MySQL 5.0 Cluster: Architecture, Implementation, and Management

Norm Collins

Today's networks and applications are concentrating more on high availability and redundancy. Corporations are selling services to customers with a "guarantee", or "service-level agreement" (SLA), that provides an overall percentage of uptime along with detailed instructions on the rebate structure if certain conditions are not met. One of the key components in the delivery of information to customers is the availability of data from a robust and effective database management system (DBMS).

MySQL is one of the main database management systems that corporations rely on to store their data. The release of MySQL 5.0 has brought many rich features that make it one of the leading database management systems available. Some of the new features include stored procedures, triggers, and views. Other features that have been previously available are replication and clustering. All of these features make MySQL what it is today. I will focus on one feature in particular -- the MySQL clustering technology.

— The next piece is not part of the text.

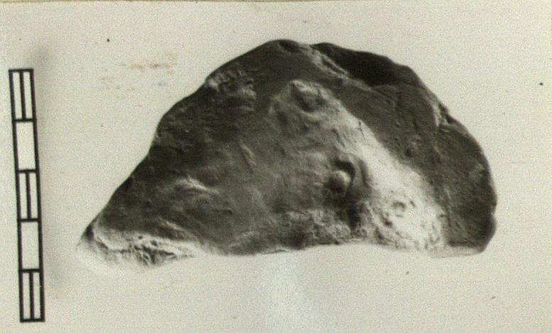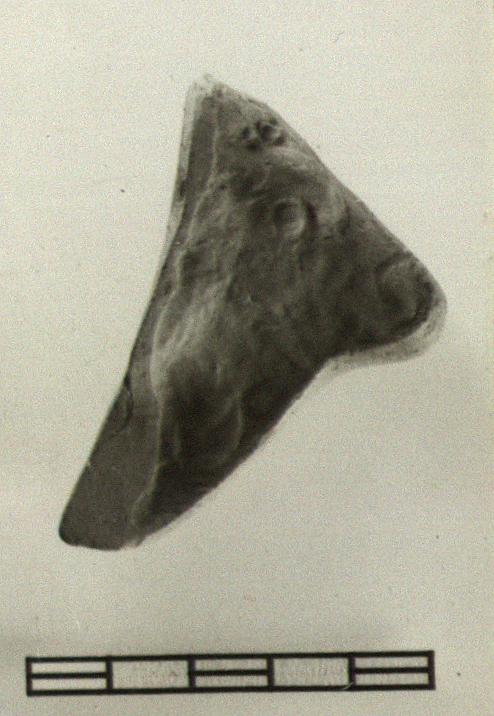 | Description: | A bull's head, to right in positive. Broken on one side. Back rounded; worn. Soft red clay. | |

In this article, I will discuss the benefits of using a MySQL cluster to corporations that require highly available data, the implementation of basic MySQL cluster using the minimum recommended requirements, and how to enhance the initial cluster to allow for more availability. I will also describe some cluster configuration options and some typical MySQL cluster management client commands for managing a cluster.

Benefits

Implementing a MySQL cluster provides many benefits for critical applications:

1. High Availability -- A MySQL cluster provides a higher level of availability because of the architecture of the system. The MySQL cluster is a layered implementation in which servers are specifically allocated as SQL nodes where applications connect and perform queries. Other servers are allocated as data nodes where the data is stored across all the nodes in their memory.

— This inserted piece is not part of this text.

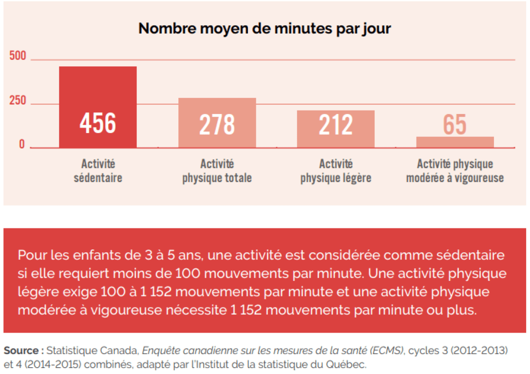Le portrait de la santé des jeunes enfants publié en 2017 par l’Observatoire des tout-petits rapporte lui aussi des données préoccupantes : selon des données collectées entre 2012 et 2015, les tout-petits de 36 à 60 mois consacraient en moyenne beaucoup plus de temps à des activités sédentaires qu’à de l’activité physique et, en 2015, le tiers d’entre eux étaient à risque de surpoids, en surpoids ou obèses.

2. Low Cost -- MySQL clusters can be a low-cost solution as they will run on older, commodity hardware instead of requiring the latest and greatest SunFire V440s. (Remember that four systems are required in order to implement a basic cluster.)

3. In-Memory Database -- The biggest requirement for implementing a MySQL cluster is the need for memory. A MySQL cluster runs as an in-memory database where all the data is stored across all the data nodes memory. The result for storing the data in memory is to provide greater speed when accessing the data from the application layer.

MySQL clusters are suitable for any organization needing to implement critical applications requiring high availability at low cost. The fact that MySQL is an open source product with commercial support that can be purchased from MySQL AB is also a great benefit for implementing MySQL in any corporation.

Implementing a Cluster

Before I get into the details of implementing a MySQL cluster, I will explain a few concepts so you will understand the terminology of the implementation.

NDB -- This is the acronym for Network Database.
Node -- Each part of the cluster is referred to as a node. In context, nodes typically denote a physical computer; however, a node could also mean a process.
Management Node -- This node is used to manage all other nodes in a cluster. Some of the typical management functions that are performed from this node include backups, and starting and stopping services.
SQL Node -- The role of this node is to access the cluster data.
Data Node -- This type of node is used to store cluster data.

To implement a basic cluster, we will use four nodes, where each node is a separate computer system. Table 1 provides the details for each node that we are configuring.

Figure 1 shows the basic implementation. When implementing a cluster, each of the hosts should be on the same subnet for security and efficiency. The cluster also needs to be configured on a Fast Ethernet, or Gigabit Ethernet network for support.

To take advantage of the clustering technology, the MySQL-max binary must be installed on each SQL and data node in the cluster. The MySQL-max binary is not required on the management node, but you do have to install the management server daemon and client binaries ndb_mgmd and ndb_mgm.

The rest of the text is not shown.